The Magistrate Judge also rejected Dennis’ argument that the officers “trespassed” into his computer in violation of the 4th Amendment, citing the Supreme Court’s decision in U.S. v. Jones, 132 S.Ct. 945 (2012). U.S. v. Dennis, supra. He explained that in Jones,
the Court considered whether the warrantless installation of a GPS tracking device on the defendant's vehicle violated his 4th Amendment rights. . . . [T]he Court found. . . . that the defendant's vehicle was an `effect’ and that the warrantless physical trespass of that `effect’ to obtain information constituted an unreasonable search under the 4th Amendment. . . .
Thus, the Supreme Court made clear that the 4th Amendment is implicated where the `[g]overnment physically occupie[s] private property for the purpose of obtaining information.’ . . . However, as noted by the government, . . . the Supreme Court also confirmed that `[s]ituations involving merely the transmission of electronic signals without trespass would remain subject to [the] Katz analysis[.]. . . .
U.S. v. Dennis, supra. The text of the 4th Amendment refers to “the right of the people to be secure in their persons, houses, papers, and effects” against unreasonable searches.
The Magistrate Judge explained that
`[s]everal courts have rejected the application of Jones to the investigation of file sharing programs,’ U.S. v. Brashear, 2013 WL 6065326 (U.S. District Court for the Middle District of Pennsylvania 2013), and the Court finds the reasoning of these cases persuasive. The government did not use a tracking device, . . . as . . . in Jones; instead, it merely obtained information publicly available on shared files via a software program that connected with [Dennis’] computer on which [he] had installed a file-sharing program. Thus, there was no 4th Amendment violation tied to common law notions of trespass in this case.

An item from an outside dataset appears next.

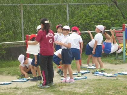 低学年の授業の様子です。3年生が鉄棒の練習をしていました。

Indeed, `the contents of the shared folder on [Dennis’] computer were knowable to law enforcement without physical intrusion to [his] house because this information was also available to members of the public.” Norman, 448 F. App'x at 897; see also Russell v. U.S., 2013 WL 5651358 (U.S. District Court for the Eastern District of Missouri 2013) (defendant was `using a file-sharing program that broadcast the contents of his computer to the internet and invited users to search those contents. Thus no government trespass into [Dennis’] home or effects occurred’). . . . Because `”[t]his investigation involve[d] the transmission of electronic signals without trespass,”’ it did not ‘”implicate [his] 4th Amendment rights under Jones. under Jones,’” U.S. v. Brashear, supra . . . and [Dennis’] argument in this regard is without merit. . . .
U.S. v. Dennis, supra.
For these and other reasons, the Magistrate Judge recommended that Dennis’ motion to suppress be denied. U.S. v. Dennis, supra. The District Judge adopted the Magistrate Judge’s report and recommendation as its order and therefore held that Dennis’ motion to suppress should be, and was, denied. U.S. v. Dennis, supra.